What to produce:
Below are some entries. Return exactly the lines from the one with "Esta Anabela em" through the final line, leaving out any pictures.

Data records
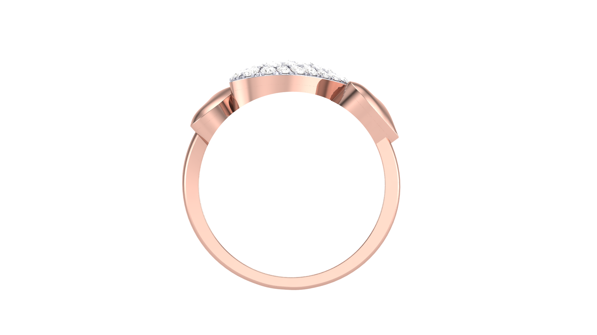 Flanked by two polished rose gold hearts, the design evokes a sense of timeless romance and graceful elegance.
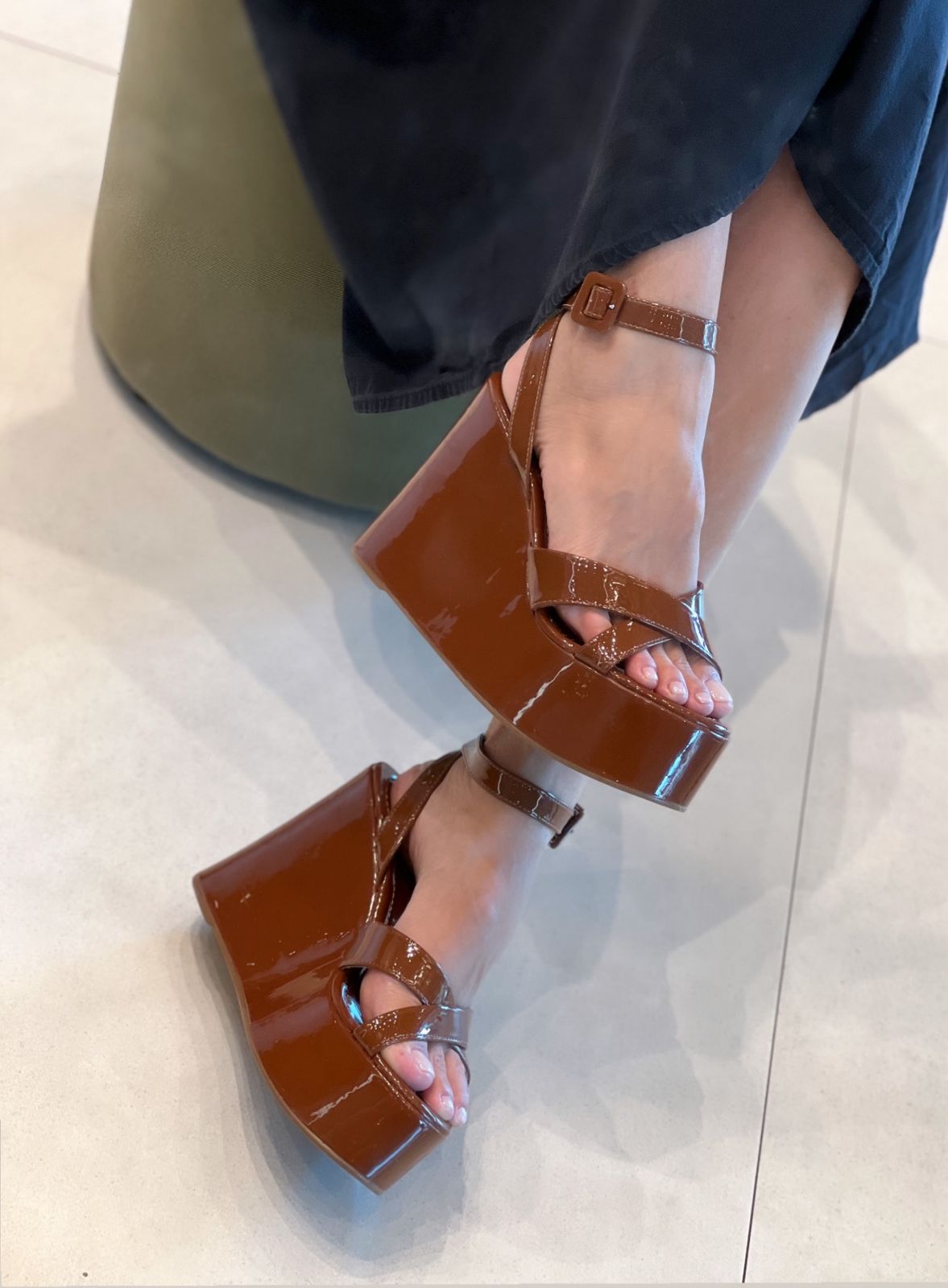 Esta Anabela em verniz caramelo é a combinação perfeita entre modernidade e conforto.
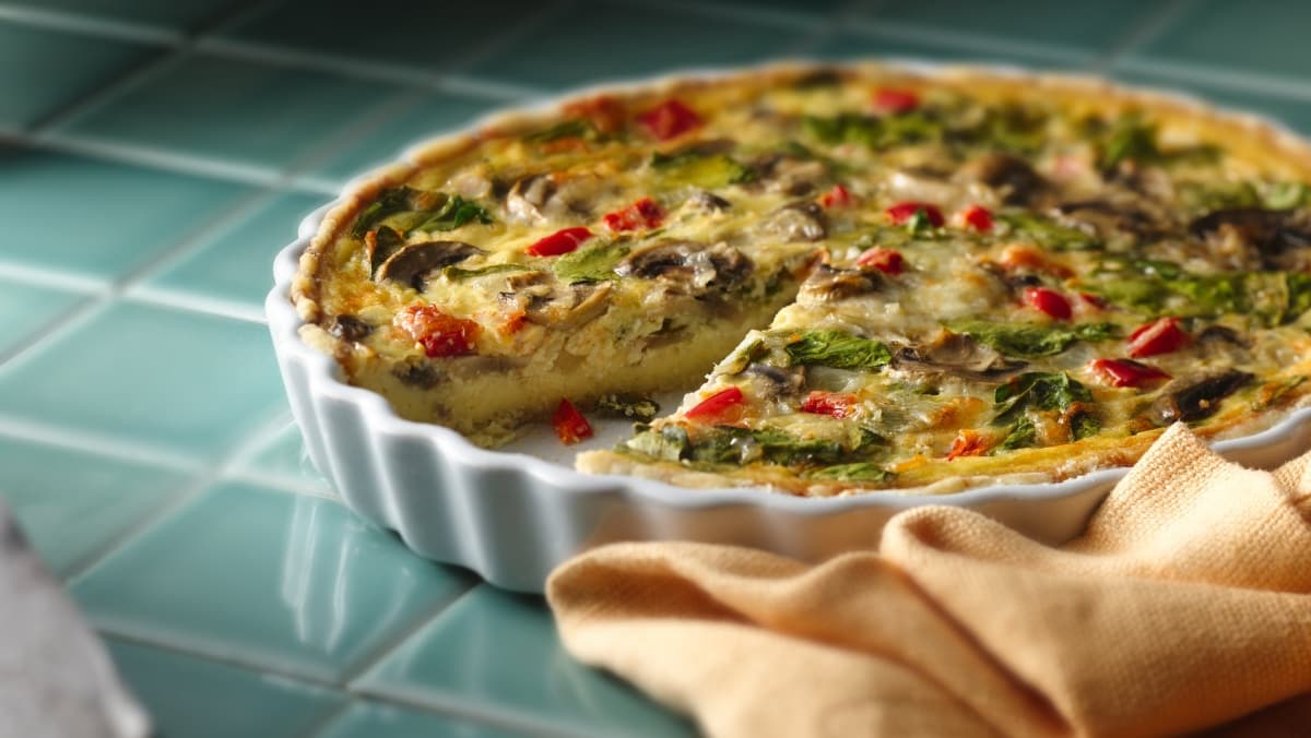 Quiche cu spanac, ciuperci și brânză Cheddar
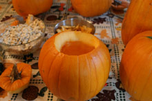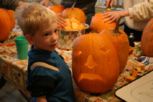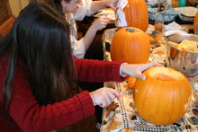 Passamos o sábado esculpindo as abóboras de Halloween, que é dia 31 próximo. Como todo ano, a família se reúne para a brincadeira, e vamos nos aperfeiçoando – pelo menos nós achamos as abóboras desse ano bem melhores que as do ano passado. Teve até repeteco: a abóbora do gato e a da vela, sucessos de 2002, voltaram este ano, graças aos moldes que foram preservados. As minhas criações foram as folhas de maple (peguei uma folha de verdade e desenhei o contorno antes de cortar) e as estrelas. Gabe fez uma aranha capenga (7 pernas ao invés de 8) e essa semana ainda vamos fazer mais…
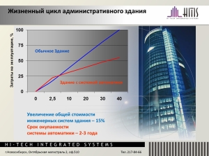 - стоимость эксплуатации автоматизированного здания в течение срока его службы (20-30 лет) в 2,5 раза меньше, чем неавтоматизированного;

Written solution:
 Esta Anabela em verniz caramelo é a combinação perfeita entre modernidade e conforto.
 Quiche cu spanac, ciuperci și brânză Cheddar
 Passamos o sábado esculpindo as abóboras de Halloween, que é dia 31 próximo. Como todo ano, a família se reúne para a brincadeira, e vamos nos aperfeiçoando – pelo menos nós achamos as abóboras desse ano bem melhores que as do ano passado. Teve até repeteco: a abóbora do gato e a da vela, sucessos de 2002, voltaram este ano, graças aos moldes que foram preservados. As minhas criações foram as folhas de maple (peguei uma folha de verdade e desenhei o contorno antes de cortar) e as estrelas. Gabe fez uma aranha capenga (7 pernas ao invés de 8) e essa semana ainda vamos fazer mais…
 - стоимость эксплуатации автоматизированного здания в течение срока его службы (20-30 лет) в 2,5 раза меньше, чем неавтоматизированного;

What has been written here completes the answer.